Healthy Coconut Pancakes
- Total Time: 25 minutes
Description
These Healthy Coconut Pancakes are light, fluffy, and naturally sweetened with coconut. Made with wholesome ingredients, they are perfect for a nutritious breakfast or brunch. Enjoy them with fresh fruit, a drizzle of honey, or a sprinkle of shredded coconut.
Subscribe to our newsletter for more healthy and delicious recipes delivered to your inbox.
Ingredients
- ½ cup coconut flour (or whole wheat flour for a heartier texture)
- 1 teaspoon baking powder
- ¼ teaspoon salt
- 2 eggs
- ¾ cup coconut milk (or any milk of choice)
- 1 tablespoon honey or maple syrup
- 1 teaspoon vanilla extract
- 2 tablespoons unsweetened shredded coconut
- 1 tablespoon coconut oil (for cooking)
Instructions
In a bowl, whisk together the coconut flour, baking powder, salt, and shredded coconut.
In a separate bowl, beat the eggs, then add the coconut milk, honey, and vanilla extract.
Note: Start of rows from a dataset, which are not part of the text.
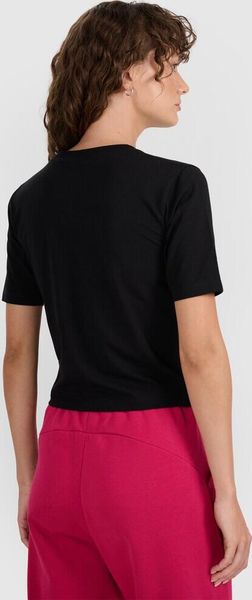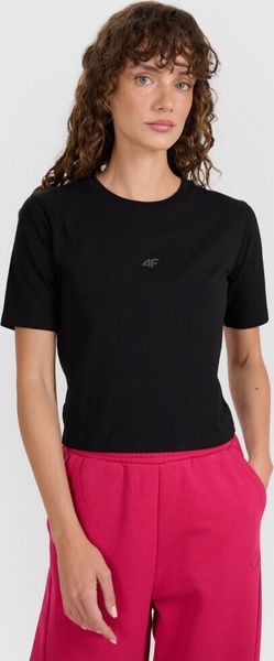 "The F2971 T-shirt from 4F is the ideal choice for women who value style and functionality. This plain T-shirt is perfect for relaxed leisure activities and everyday urban life. The slim fit elegantly hugs the body and ends in a fashionable, cropped cut at waist height, giving it a modern touch."
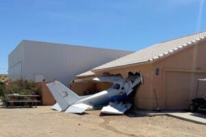The Cessna T-41B plane “veered off the runway” at the Sun Valley-Bison-Fort Mohave Airport and crashed right into a home’s garage in Fort Mohave just before noon, according to the Federal Aviation Administration.
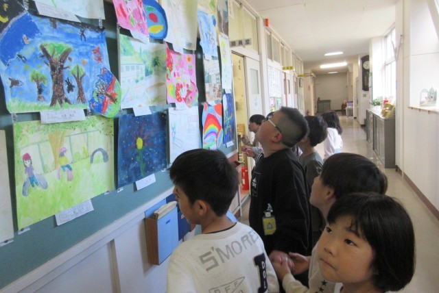 展示され、その他の作品は、各教室廊下等に飾られます。
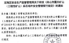 转发《舟山市露天矿山(&金年会官方登录性矿山)采石场外安全管理暂行规定》的通知
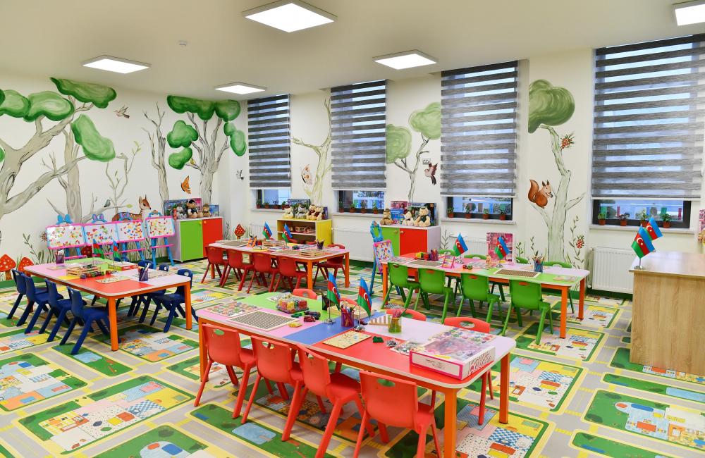 Bağça ilə tanış olan dövlətimizin başçısına və birinci xanıma məlumat verildi ki, burada qrup, yataq, oyun və yaradıcılıq otaqları, müəllimlər üçün metodiki otaqlar, idman və akt zalları, yeməkxana və mətbəx yaradılıb. Uşaq bağçası zəruri mebel və avadanlıqlarla təchiz edilib. Həyətyanı ərazidə oyun və idman meydançası da salınıb.
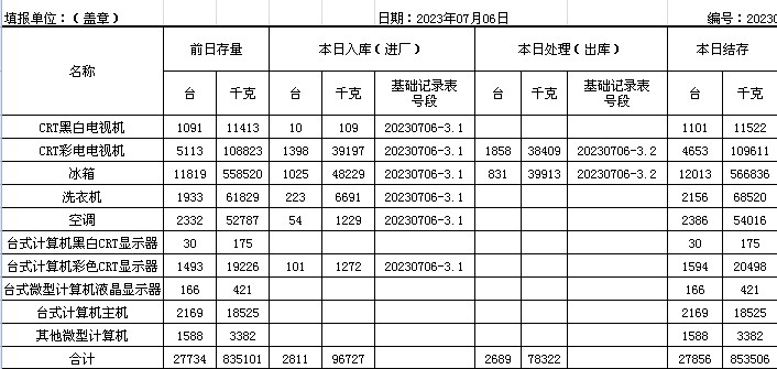 2023.07.06回收拆解統(tǒng)計表
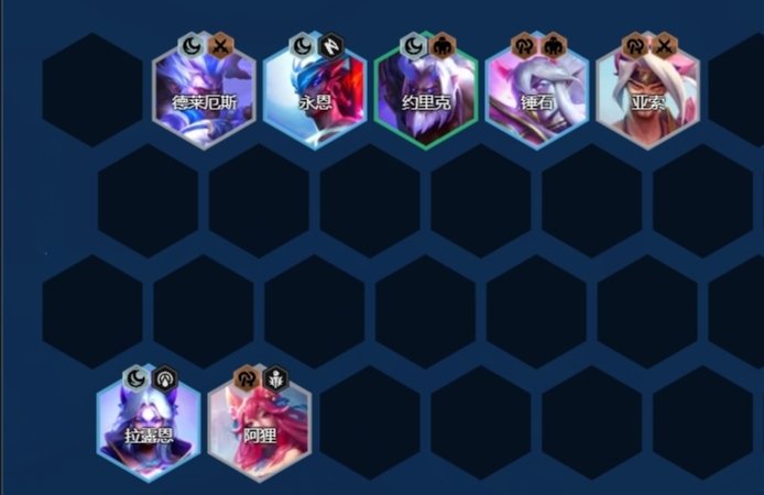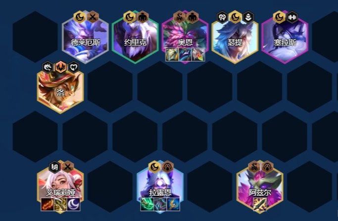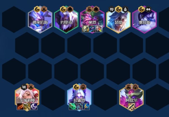 4-2拉8人口,然后大刷一波,找出一张艾瑞莉娅,并开出6夜幽。没阿兹尔先用迦娜过渡,没瑟提先用永恩开6夜幽。8人口将阵容体系大部分英雄搜出两星,之后再上9人口,拉露恩不用追三。
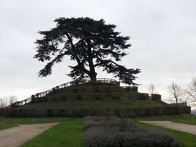 Le cèdre, juché au sommet d'une butte érigée pour former un belvédère, était accessible par un sentier bordé de charmilles appelé « Limaçon ».
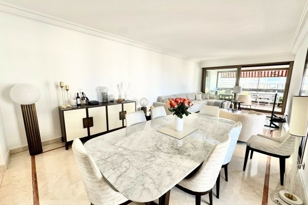 Diese schöne Wohnung befindet sich in einer sehr begehrten Luxus- und prestigeträchtigen Residenz am Goldenen Platz "Carré d'Or". Es verfügt über viel Tageslicht und einen angenehmen Blick auf die Gärten und das Fürstentum. Die geräumige Wohnung
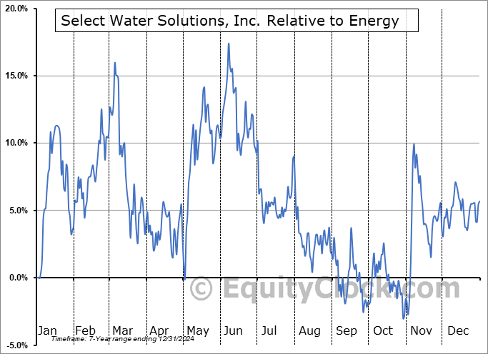 Analysis of the Select Water Solutions, Inc. (NYSE:WTTR) seasonal charts above shows that a Buy Date of March 23 and a Sell Date of June 11 has resulted in a geometric average return of 14.73% above the benchmark rate of the S&P 500 Total Return Index over the past 7 years. This seasonal timeframe has shown positive results compared to the benchmark in 7 of those periods. This is an excellent rate of success and the return strongly outperforms the relative buy-and-hold performance of the stock over the past 7 years by an average of 29.61% per year.
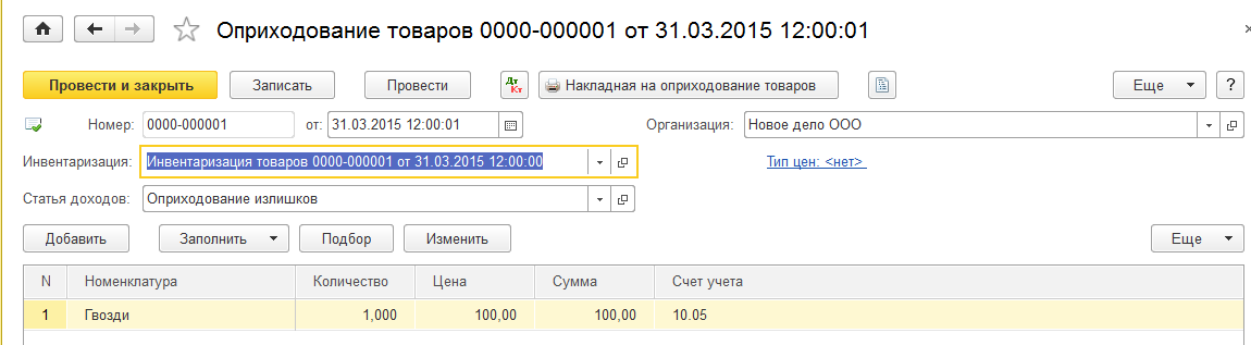 Для оформления факта оприходования товаров на склад в виду обнаруженных излишек на основании проведенной инвентаризации предназначен документ «Оприходование товаров».
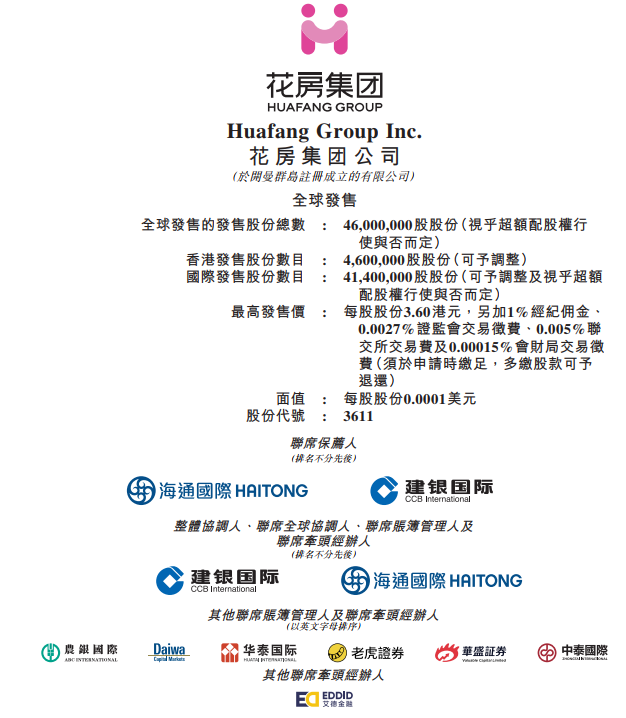 本次招股擬全球發售4600萬股股份,其中國際配售4140萬股,佔總發行數量90%,香港公開發售460萬股,佔總發行數量10%,預計發售價為2.80-3.60港元,每手1000股,入場費約3636港元。海通國際、建銀國際擔任聯席保薦人。
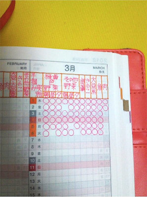 年間インデックスに野菜や肉や大豆などのチェック表。
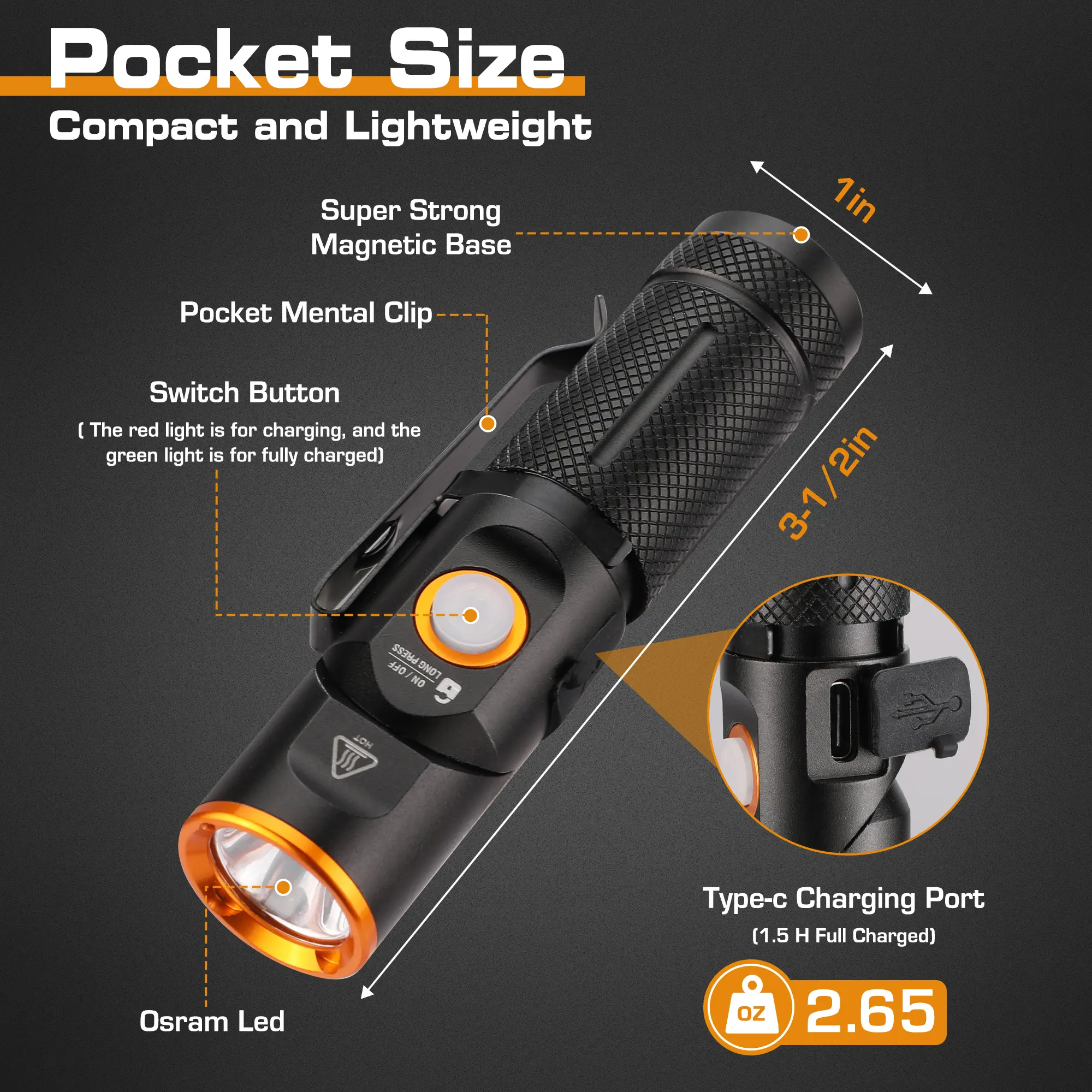 ·𝟗𝟎 𝐃𝐞𝐠𝐫𝐞𝐞 𝐑𝐨𝐭𝐚𝐭𝐞 & 𝐏𝐨𝐜𝐤𝐞𝐭-𝐒𝐢𝐳𝐞: Easily adjust the lighting angle with 90 degree rotation. This mini flashlight measures 3-1/2 ’’ x 1 ’’ as your middle finger and weighs 0.16 lbs, which is very easy to put into your pocket

Mix well.
Slowly add the dry ingredients to the wet mixture, stirring until smooth. Let the batter sit for a few minutes to thicken. If it is too thick, add a little more milk.
Heat a skillet or griddle over medium heat and lightly grease it with coconut oil. Pour small amounts of batter onto the skillet and cook for about 2-3 minutes, until bubbles form on the surface. Flip and cook for another 2 minutes until golden brown.
Stack the pancakes and serve warm with fresh fruit, honey, or a sprinkle of extra coconut.
Notes
- Let the batter rest to allow the coconut flour to absorb liquid for a better texture.
- Cook on low to medium heat since coconut flour pancakes can brown quickly.
- Use a small spatula to flip gently, as they are more delicate than regular pancakes.
- Adjust thickness by adding more milk if needed.
Storage & Reheating
- Refrigerate: Store in an airtight container for up to 3 days.
- Reheat: Warm in a toaster or skillet for a fresh taste.
- Freeze: Store in a freezer-safe bag for up to 2 months. Reheat directly from frozen.